We were unable to estimate the full psychometric curve for some participants because they either needed very low contrast values to reach a 100% dominance (e.g. Fig. 6C), or too high values (e.g. Fig. 6D). This is due to large individual differences in the strength of eye dominance (Mapp, Ono, & Barbeito, 2003). This means that for some people we were unable to fully characterize the effects. In order to circumvent this issue, future research could use different techniques to assess eye dominance (Ding, Naber, Gayet, Van der Stigchel, & Paffen, 2018) or determine the stimulus strength needed to estimate the full psychometric curve in a separate session. It is likely that this will increase the number of participants that show an effect.
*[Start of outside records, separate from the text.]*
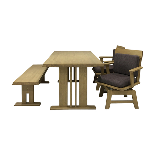 幅150cmのゆったりサイズのテ-ブルに回転式チェア2脚とベンチがついた4点セット
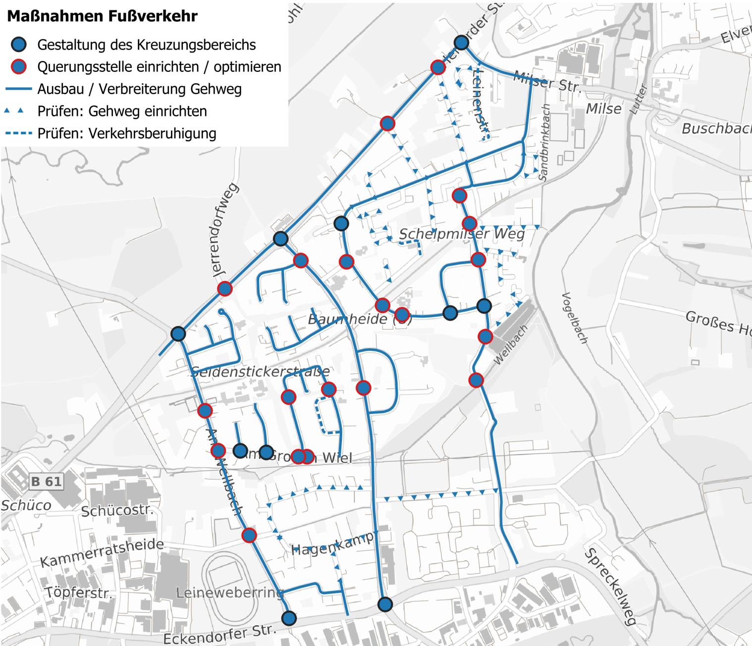 Die Fußverkehrsstrategie sieht verschiedene Maßnahmen in Baumheide vor, beispielsweise:
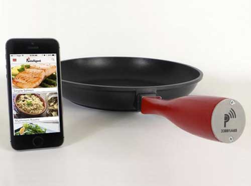这款智能锅配备了温度传感器及蓝牙模块,通过蓝牙和手机连接,你可以先在手机APP 中选择需要的菜谱,智能锅可以检测到锅的温度以及油的热度,用户只需要根据提示翻炒锅内的食物就可以轻松做出美味菜肴。当锅内的食物不熟或者用户离开厨房的时候智能锅还可以发出警报,保证烹饪的安全。
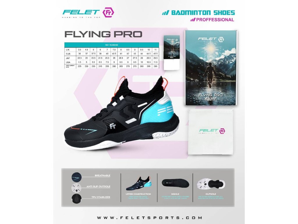 Felet Flying Pro V2 Black is an ideal choice for players seeking professional badminton shoes with modern design, top-level stability, and high comfort. This color version stands out with its technical appearance and timeless color combination suitable for tournament use.
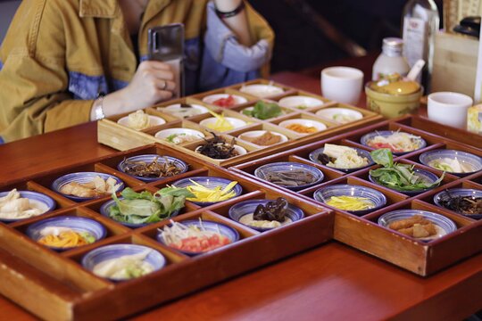 At this restaurant, guests will try a vegan version of one of the most well-known dishes of Yunnan cuisine, Crossing-the-Bridge Rice Noodles. This restaurant is the first one to create a vegan rendition of the dish that utilizes fresh ingredients pulled from the local landscape, including wild mushrooms and rainbow noodles made from rice and a variety of local, in-season vegetables. The name of this dish comes from a well-known and well-loved legend in China which tells the story of a wife travelling across a bridge to bring her husband lunch as he studied for his imperial exams. At first, the noodles grew soggy and the soup became cold by the time the wife reached her husband. Then, the cunning wife decided to store the soup in an earthen pot with a layer of oil on top and keep the noodles and toppings in separate containers. When she arrived across the bridge, she mixed the warm soup, noodles, and toppings together for her husband.
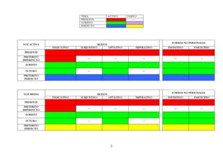 1. El documento explica la formación de los verbos regulares griegos a partir de sus temas verbales en las voces activa, media y pasiva. Se describen los temas verbales de presente, aoristo y perfecto y cómo se forman las distintas formas verbales a partir de ellos mediante la adición de desinencias.

In conclusion, our results show that imagery influences conscious perception differently for different people. Imagery can bias perception towards and away from the imagined stimulus and can increase and decrease sensitivity to congruent sensory input. These interactions are probably supported by a neural mechanism involving imagery’s recruitment of low-level visual processes. Future research should investigate whether these individual differences correspond to clinical variations. This study furthermore highlights the importance of investigating within-participant effects and proposes a way to do so.
Competing interests
The authors declare that no competing interests exist.
Acknowledgements
SEB and MG were supported by VIDI grant number 639.072.513 of The Netherlands Organization for Scientific Research (NOW). ND was supported by institutional funding. MH was supported by the European Research Council Consolidator grant number 647209 and the European Research Council Advanced grant number 743086. The authors would like to thank Surya Gayet for his extremely useful comments on the design of the experiment, Rebecca Keogh for important input regarding the binocular rivalry imagery task and Lynn Le for her invaluable role in data collection.
Footnotes
↵1 A discussion of the advantages of Bayesian inference is beyond the scope of this paper, but we refer the interested reader to (Berger & Berry, 1988; Wagenmakers, 2007).